The major source of generally applicable employment law is Title VII of the Civil Rights Act of 1964. Title VII is the federal statute that prohibits discrimination in employment on the basis of protected categories such as race, color, sex, national origin or religion. It applies to all employers, government and private, with 15 or more employees. Under Title VII, employers cannot make religion a condition or requirement in any aspect of employment, including hiring, firing, or other aspects such as promotion, job assignments, discipline or benefits. Title VII also requires employers to reasonably accommodate employees’ sincerely held religious beliefs and practices unless doing so would result in an undue hardship for the employer. The undue hardship standard has been interpreted as anything more than minimal costs. Some considerations include whether a requested accommodation interferes with an employee’s work duties, infringes on the rights of others, or impairs workplace safety. Addition-ally, an employer is not required to accommodate employee conduct that could create a hostile work environment or that constitutes harassment of other employees. Still, there are many instances in which an employee’s need for an accommodation can be easily met. Some common methods of accommodation include scheduling changes, such as permitting an employee to swap shifts in order to attend a religious worship service, or making an exception to general grooming or dress rules to allow an employee to wear a head covering for religious reasons. In addition to Title VII, state and local laws provide similar, and often stronger, protections against workplace discrimination.

Many employees’ sincerely held religious beliefs may compel them to share their faith with others, and the Title VII duty to accommodate applies to workplace proselytizing as well — subject to the same limitations as other religiously-motivated conduct. Workplace ministry can present a challenge for employers, who have a duty to accommodate employee religious practices but must also ensure that any proselytizing does not amount to religious harassment of others. Further, government employers must be sensitive to the Establishment Clause concerns that arise when an employee’s proselytizing could be reasonably perceived as expressing the government’s own views. The U.S. Supreme Court has said that when government employees speak in their official capacity as government representatives, their speech belongs to the government and can be limited to comply with Establishment Clause requirements. Some government employees interact frequently with members of the general public, often providing services that citizens cannot obtain anywhere else. In this setting, it is much more likely that the public will attribute what these employees say and do to the government itself. Thus, if employees use the role of public servant to evangelize, it is likely to be perceived as government promotion of religion — the very thing the Establishment Clause exists to prevent.

The Establishment Clause does not, however, affect the rights of government employees when they speak as purely private individuals. And a government employee does not necessarily speak in an official capacity during all hours of the workday. In these instances, Title VII principles apply, and an employer should accommodate its employee’s religious conduct insofar as it does not cause undue hardship, is not disruptive and does not amount to harassment. Generally speaking, government employers have greater flexibility to accommodate employees’ efforts to proselytize when members of the public are not involved. The Federal Guidelines on Religious Exercise and Religious Expression in the Workplace, in place since 1997, provide additional useful guidance in the context of federal employment.
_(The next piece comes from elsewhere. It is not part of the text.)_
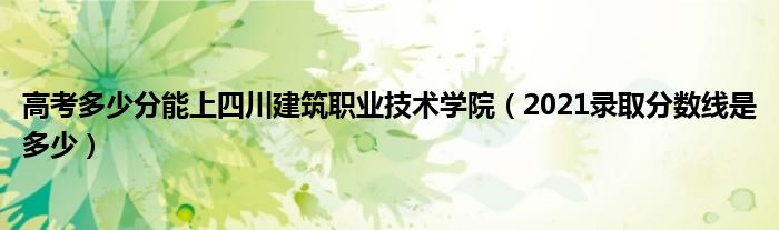 大家好,乐儿来为大家解答以下问题,高考多少分能上四川建筑职业技术学院,2021录取分数线是多少很多人还不知道,现在让我们一起来看看吧!

They have often served as a model for state and local government policy and even for private employers (although the latter are not bound by the Establishment Clause).

Whenever employees seek to express their religion in the workplace, it is helpful to do so with an understanding of the respective rights and responsibilities of employers and employees. While every professional environment is unique, awareness of these basic boundaries can render many conflicts avoidable.